REQUIRED ACTION — Once the pictures are set aside, transcribe the remaining data exactly.
:: COLLECTED MATERIAL
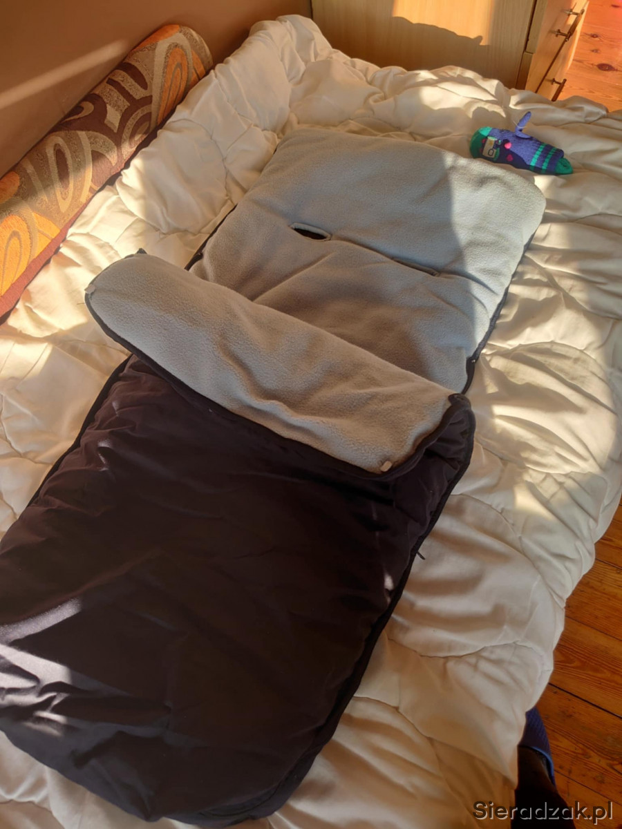 sprzedam gruby, bardzo ciepły śpiworek do wózka lub na sanki. zapinany na zamek z każdej strony co ułatwia odpinanie i zapinanie.
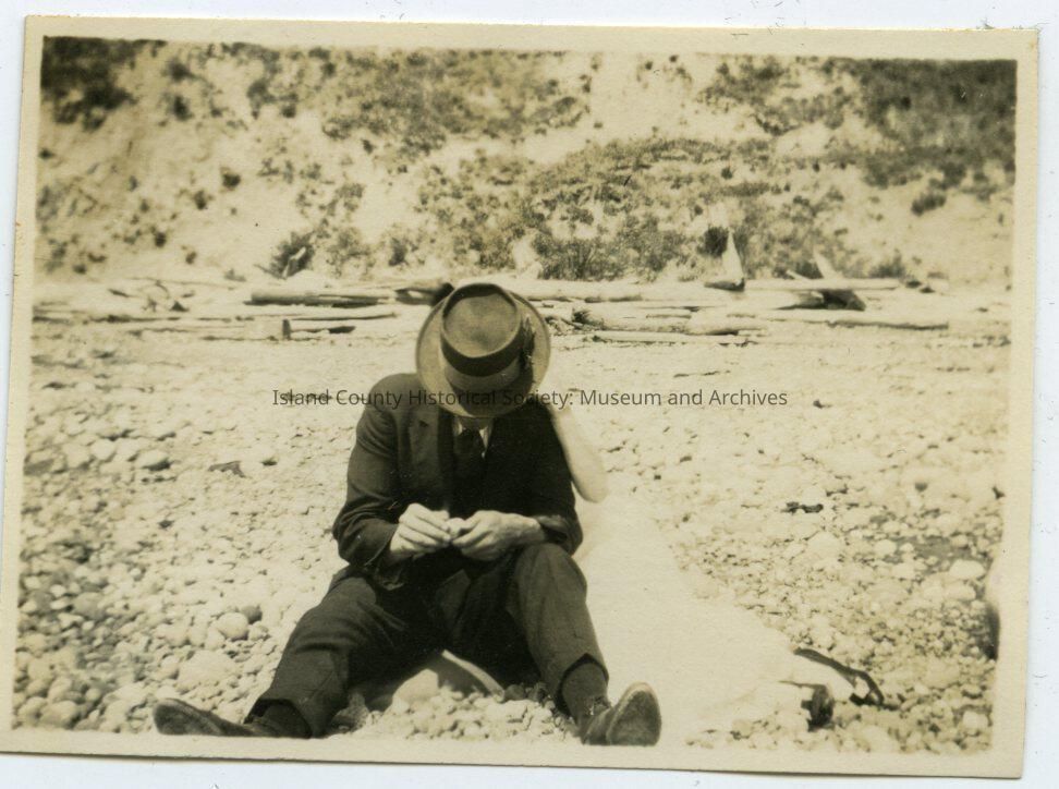 Photo of a young man in a suit and hat, sitting on a beach and looking at the ground. A young woman is sitting beside but hiding behind him.
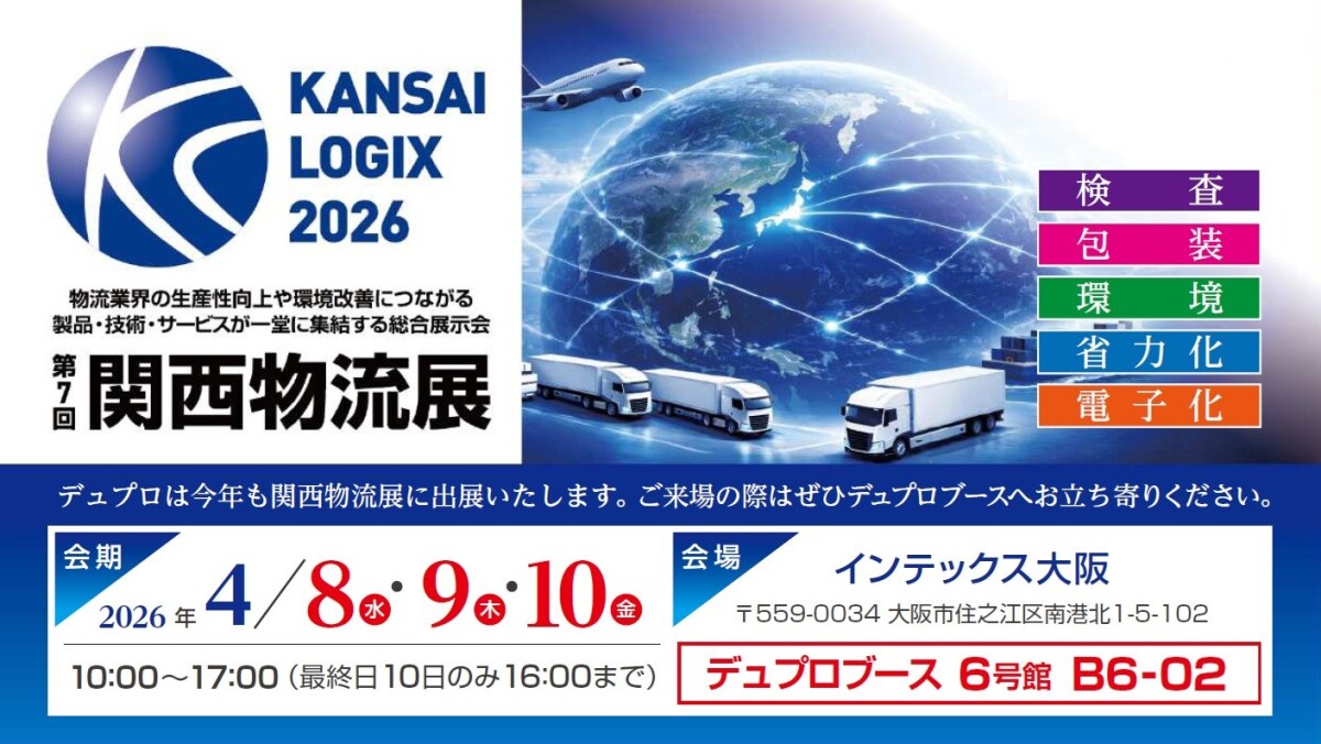 「生産性向上」、「環境改善」を核に物流業界の未来を切り拓く総合展示会として、毎年4月に開催される「第7回 関西物流展」に、今年もデュプロが出展いたします。
::::
WRITTEN RESPONSE —
 sprzedam gruby, bardzo ciepły śpiworek do wózka lub na sanki. zapinany na zamek z każdej strony co ułatwia odpinanie i zapinanie.
 Photo of a young man in a suit and hat, sitting on a beach and looking at the ground. A young woman is sitting beside but hiding behind him.
 「生産性向上」、「環境改善」を核に物流業界の未来を切り拓く総合展示会として、毎年4月に開催される「第7回 関西物流展」に、今年もデュプロが出展いたします。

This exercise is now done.